We expected that body weight would influence total consumption because of the dependence of metabolic rate on body mass (Brown et al. 2004). The regression analyses revealed the influence of body weight of the tested species on aphid consumption in 16 out of 18 tested relationships, and thus confirmed our expectation (Figs. 3, 4). To exclude the influence of body weight on consumption, we divided consumption by body weight. This led to lower SD and better separation between the data of temperatures T1–T3, which was demonstrated by clear significant differences between the temperatures for all six cases studied (Figs. 5, 6).

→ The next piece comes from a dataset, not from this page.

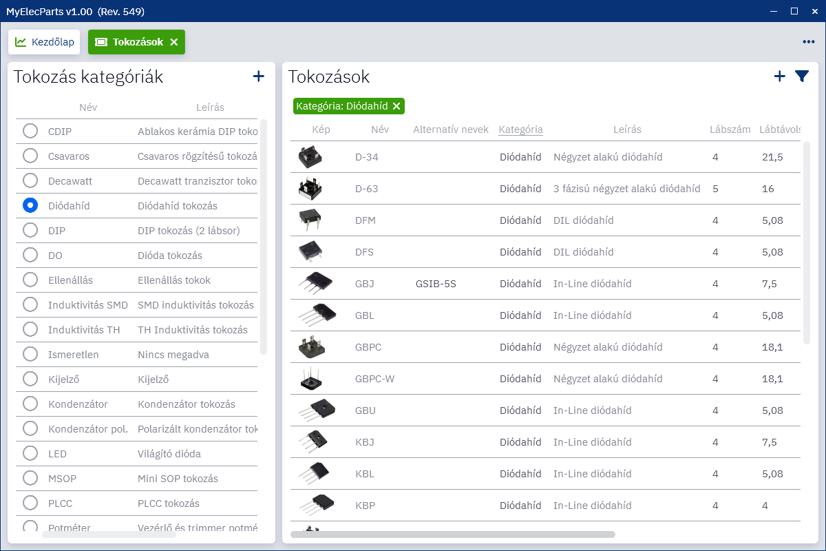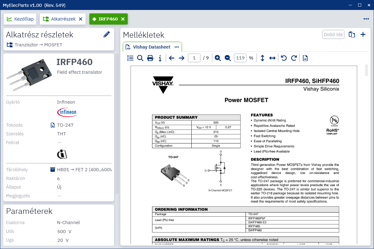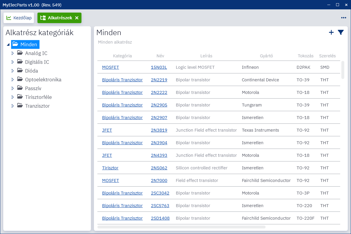 Elkészültem az elektronikai alkatrész kereső és nyilvántartó programom első nyilvános verziójával (MyElecParts v1.00). A program teljesen ingyenes, használjátok egészséggel.

Higher temperature may not only lead to higher consumption by predators but can also affect development of prey. The aphid A. pisum has been observed to develop faster with rising temperature, i.e. its development increased from 10 to 26 °C (Bieri et al. 1983; Morgan et al. 2001). Moreover, Morgan et al. (2001) found that even the population growth of A. pisum increased with rising temperature between 12 and 23 °C. Thus, within a similar temperature range, both aphid development and lady beetle feeding on aphids are increased. What the results of our laboratory experiment mean for field population development of A. pisum is not yet clear. This was also indicated for the aphid Sitobion avenae Fabricius (Hemiptera: Aphididae) by Skirvin et al. (1997), who modelled declining numbers of S. avenae at higher temperature regardless of whether the aphid predator C. septempunctata was present or not. Yet our lab results indicate a clear potential for increased feeding on aphids by lady beetles at rising temperature. The available literature on laboratory studies observing that lady beetles consume more at rising temperature addresses temperature ranges spanning about 10 °C or more (Sengonca et al. 2005; Manrique et al. 2012; Yu et al. 2013). In contrast, our study was performed over a range of only 3 °C and 5 °C. This span, which was created under laboratory conditions and included day-night oscillations, represents a forecasted global climate warming scenario.